Nightshift
- Front cover of March 2008, featuring Foals
- Editor: Ronan Munro
- Frequency: Monthly
- First issue: March 1991
- Final issue: June 2026
- Country: United Kingdom
- Based in: Oxford
- Language: English
- Website: nightshiftmag.co.uk

= Nightshift (magazine) =

Free monthly music magazine in Oxford, England

Nightshift was a free monthly music magazine in Oxford, England, published by Ronan Munro from 1991 to 2026. Distributed via music venues, pubs, and shops, it provided music news, gig listings, and reviews for the city and surrounding area.

==History==
Nightshift was first published in March 1991. It was originally titled Curfew, and continued under that name until the end of 1994, when the main venues in Oxford — the Venue, the Jericho Tavern, and the Hollybush — closed temporarily and there was little music scene to cover. Curfew had the earliest reviews and interviews with Radiohead and Supergrass. In July 1995, publication started anew as Nightshift, ahead of the opening of venues the Zodiac and the Point.

After a hiatus due to the COVID-19 pandemic, Nightshift arranged a fundraiser on 1 July 2021 to raise £12,000 to cover printing and distribution costs. Oxford bands Radiohead, Supergrass, Foals, Glass Animals, Ride, Stornoway and Young Knives contributed items for a prize draw. On 5 July, after four days of fundraising, the editor, Ronan Munro, announced the target had been met, securing nine months of printing and distribution costs.

In June 2026, after 35 years in publication, Munro announced thatthe magazine had published its final issue. Munro had turned 60 and wanted to retire.

==Content==
Each month has a feature on one local artist or group, with their picture appearing on the front cover, and an interview inside. There are occasional exceptions to this format, for example the November 2010 issue featured a round up of the Metal scene, and July 2010 covered Truck Festival.

The magazine includes local music news, new release, gig, and demo, reviews, and a gig guide for the month. Advertisements support the magazine's production and distribution.
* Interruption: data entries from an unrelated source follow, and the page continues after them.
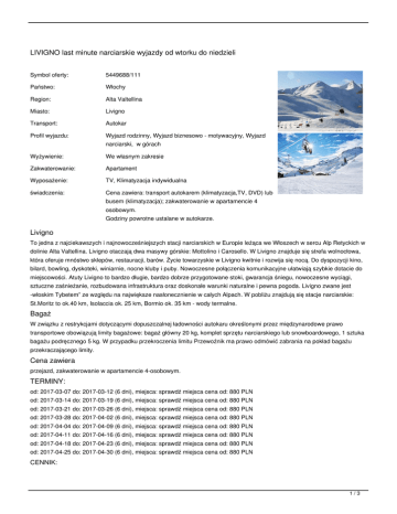 LIVIGNO last minute narciarskie wyjazdy od wtorku do niedzieli Symbol oferty: 5449688/111 Państwo: Włochy Region: Alta Valtellina Miasto: Livigno Transport: Autokar Profil wyjazdu: Wyjazd rodzinny, Wyjazd biznesowo - motywacyjny, Wyjazd Wyżywienie: We własnym zakresie Zakwaterowanie: Apartament Wyposażenie: TV, Klimatyzacja indywidualna świadczenia: Cena zawiera: transport autokarem (klimatyzacja,TV, DVD) lub narciarski, w górach busem (klimatyzacja); zakwaterowanie w apartamencie 4 osobowym. Godziny powrotne ustalane w autokarze. Livigno To jedna z najciekawszych i najnowocześniejszych stacji narciarskich w Europie leżąca we Włoszech w sercu Alp Retyckich w dolinie Alta Valtellina. Livigno otaczają dwa masywy górskie: Mottolino i Carosello. W Livigno znajduje się strefa wolnocłowa, która oferuje mnóstwo sklepów, restauracji, barów. Życie towarzyskie w Livigno kwitnie i rozwija się nocą. Do dyspozycji kino, bilard, bowling, dyskoteki, winiarnie, nocne kluby i puby. Nowoczesne połączenia komunikacyjne ułatwiają szybkie dotacie do miejscowości. Atuty Livigno to bardzo długie, bardzo dobrze przygotowane stoki, gwarancja śniegu, nowoczesne wyciągi, sztuczne zaśnieżanie, rozbudowana infrastruktura oraz doskonałe warunki naturalne i pewna pogoda. Livigno zwane jest -włoskim Tybetem” ze względu na największe nasłonecznienie w całych Alpach. W pobliżu znajdują się stacje narciarskie: St.Moritz to ok.40 km, Isolaccia ok. 25 km, Bormio ok. 35 km - wody termalne. Bagaż W związku z restrykcjami dotyczącymi dopuszczalnej ładowności autokaru określonymi przez międzynarodowe prawo transportowe obowiązują limity bagażowe: bagaż główny 20 kg, komplet sprzętu narciarskiego lub snowboardowego, 1 sztuka bagażu podręcznego 5 kg. W przypadku przekroczenia limitu Przewoźnik ma prawo odmówić zabrania na pokład bagażu przekraczającego limity. Cena zawiera przejazd, zakwaterowanie w apartamencie 4-osobowym. TERMINY: od: 2017-03-07 do: 2017-03-12 (6 dni), miejsca: sprawdź miejsca cena od: 880 PLN od: 2017-03-14 do: 2017-03-19 (6 dni), miejsca: sprawdź miejsca cena od: 880 PLN od: 2017-03-21 do: 2017-03-26 (6 dni), miejsca: sprawdź miejsca cena od: 880 PLN od: 2017-03-28 do: 2017-04-02 (6 dni), miejsca: sprawdź miejsca cena od: 880 PLN od: 2017-04-04 do: 2017-04-09 (6 dni), miejsca: sprawdź miejsca cena od: 880 PLN od: 2017-04-11 do: 2017-04-16 (6 dni), miejsca: sprawdź miejsca cena od: 880 PLN od: 2017-04-18 do: 2017-04-23 (6 dni), miejsca: sprawdź miejsca cena od: 880 PLN od: 2017-04-25 do: 2017-04-30 (6 dni), miejsca: sprawdź miejsca cena od: 880 PLN CENNIK: 1/3 Długość pobytu: 6 dni Grupa cenowa: A Miasto docelowe (do wyboru) Bormio (Alta Valtellina) (*) Livigno (Alta Valtellina) Miasto wyjazdowe (do wyboru) Lublin parking przed motelem PZM (11:15) Opole C.H. Biedronka ul. Dubois (17:45) Kielce Salon Solo Seat, ul. Dębowa 346B (16:15) Gliwice Dworzec PKS ul. Toszecka (19:15) Białystok Dworzec PKP (06:30) Tychy Hotel Tychy (20:40) Kraków Reymonta, miasteczko studenckie (18:45) Sopot McDonald (06:40) Skarżysko Kamienna Parking MCK (12:00) Gdańsk Dworzec PKS (07:15) Wejherowo do potwierdzenia () Poznań Dworzec PKP (11:45) Gdynia Dworzec PKP (06:15) Częstochowa stacja BP, Mc Donald ul. Drogowców 1 (18:00) (*) Katowice ul. Mickiewicza 23-27, parking strzeżony (20:15) Sosnowiec ul. Kresowa Mcdonald (20:00) Bielsko-Biała BP stacja, ul. Warszawska (21:30) Toruń Dworzec PKP (10:00) Łódź Parking dw. Łódź Fabryczna (15:45) Pszczyna Kaufland (21:00) Wrocław2 Parking pod wzgórzem Andersa (15:45) Czechowice-Dziedzice stacja Jet Mc Donald (21:10) Rzeszów Mc Donald Al. Powst. Warszawy 20 (13:30) Radom Mc Donald k. Statoil ul. Czarnieckiego 73 (13:45) Kalisz ul. Dworcowa przy PKP (12:15) Olsztyn Dworzec PKP/PKS (09:00) (-) (-) 120 80 70 (-) 129 (-) (-) 150 90 150 150 100 150 50 (-) 20 (-) 120 90 (-) (-) (-) 80 80 100 130 2/3 Warszawa Dworzec Zachodni (11:45) Tarnów Parking przed Hotelem Tarnovia (15:45) Piotrków Trybunalski ul. POW PKP/ PKS (16:45) Szczecin Dworzec PKP (04:00) Cieszyn Stacja Orlen ul. Graniczna (22:00) Leszno Parking przy stadionie Smoczyka (13:15) Tczew McDonald (08:15) Pobyt w obiekcie (do wyboru) (*) osoba dorosła Ubezpieczenie (do wyboru) ubezpieczenie NW, KL, SKI (*) ---bez ubezpieczenia--ubezpieczenie NW, KL Transport - wyjazd (do wyboru) (*) miejsce autokar-bus Livigno 80 90 140 (-) 40 135 (*) apartament 4-osobowy standardowo dla osób: 4 Rodzaj osoby (do wyboru) 100 (-) 880 70 (-) 40 (-) Waluta: PLN Aktualne ceny z systemu S.A.R.T. (-) - cena usługi, podatku kalkulowana przy osobie lub gratis (*) - kwota wliczona w cenę standardową 3/3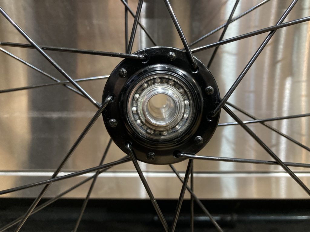 ホイールはベアリングの状態を確認するために分解。工場でのグリスが少なかったり、グリスの劣化が見られた場合はこちらで再塗布を行います。またカップアンドコーン式ベアリングの際は回転性能の向上とベアリングボールの摩耗を最小限に抑えるために丁寧に玉押し調整を行います。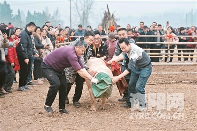 1月15日,安岳县通贤镇帽石村“刨猪宴”如期举行。上万游客云集,挑战抓鸡鸭鹅、品“刨猪宴”,让这个平日里静谧的乡村变成了欢乐的海洋。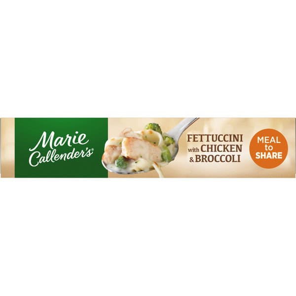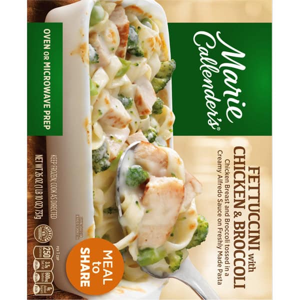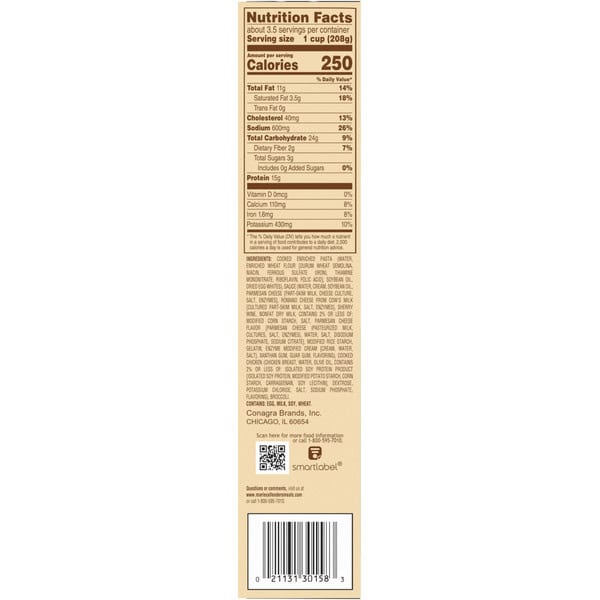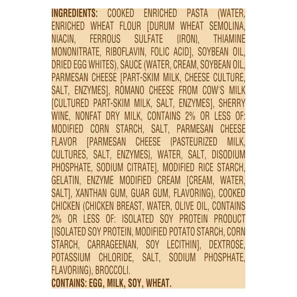 Cooked Enriched Pasta (water, Enriched Wheat Flour [durum Wheat Semolina, Niacin, Ferrous Ferrous Sulfate {iron}, Thiamine Mononitrate, Riboflavin, Folic Acid], Soybean Oil, Dried Egg Whites), Sauce (water, Cream, Soybean Oil, Parmesan Cheese [part-skim Milk, Cheese Culture, Salt, Enzymes], Romano Cheese From Cow’s Milk [cultured Part-skim Milk, Salt, Enzymes], Sherry Wine, Nonfat Dry Milk, Contains 2% Or Less Of: Modified Corn Starch, Salt, Parmesan Cheese Flavor [parmesan Cheese (pasteurized Milk, Cultures, Salt, Enzymes), Water, Salt, Disodium Phosphate, Sodium Citrate], Modified Rice Starch, Gelatin, Enzyme Modified Cream [cream, Water, Salt], Xanthan Gum, Guar Gum, Flavoring), Cooked Chicken (chicken Breast, Water, Olive Oil, Contains 2% Or Less Of: Isolated Soy Protein Product [isolated Soy Protein, Modified Potato Starch, Corn Starch, Carrageenan, Soy Lecithin], Dextrose, Potassium Chloride, Salt, Sodium Phosphate, Flavoring), Broccoli.

In the Demos section, editor Munro reviews demos sent by local musicians, with no pretence of being unbiased. The reviews are entirely based upon his opinions and preferences, but — despite sometimes harsh words for music deemed lacking — there is genuine constructive criticism, and many bands later submit improved demos. The best and worst entries in a month are put in 'Demo of the month' and 'The Demo dumper', respectively.

Parachutes are apparently a five-piece band, though they sound more like some sausage-fingered bedroom hermit collapsing on the random play buttons of every instrument in his room and deluding himself that it’s something akin to avant garde genius.
— Ronan Munro, The Demo Dumper, Nightshift August 2009.

The instructions for submitting demos include the warning "If you can’t handle criticism, please don’t send us your demo".

At the start of the Covid pandemic Nightshift closed down. The last edition of the magazine was an online-only issue covering April 2020. Another online-only issue appeared in December 2020 containing a feature on how Oxford's music scene was coping with lockdowns as well as the magazine's traditional end of year Top 30 of oxford songs.

In July 2021 Nightshift launched a Crowdfunder campaign to raise funds for a return to coincide with the lifting of Covid restrictions on live music. Radiohead, Supergrass, Foals, Ride, Swervedriver, Glass Animals, Stornoway and Young Knives contributed rare and signed prizes alongside local venues and shops The campaign raised over £16,000 and the magazine returned in print in October 2021, coinciding with its 300th issue.

==The Punt==
From 1997 until 2016 Nightshift organised the Punt, an annual music event featuring unsigned Oxfordshire bands in five venues around Oxford. The Punt was conceived during the warm-up for Oxford Sound City in 1997. Among the acts that received early exposure after being picked to play at the Punt were Young Knives, Stornoway, Little Fish, Fixers and Elizabeth, the band featuring a teenage Yannis Phillipakis, later of Foals.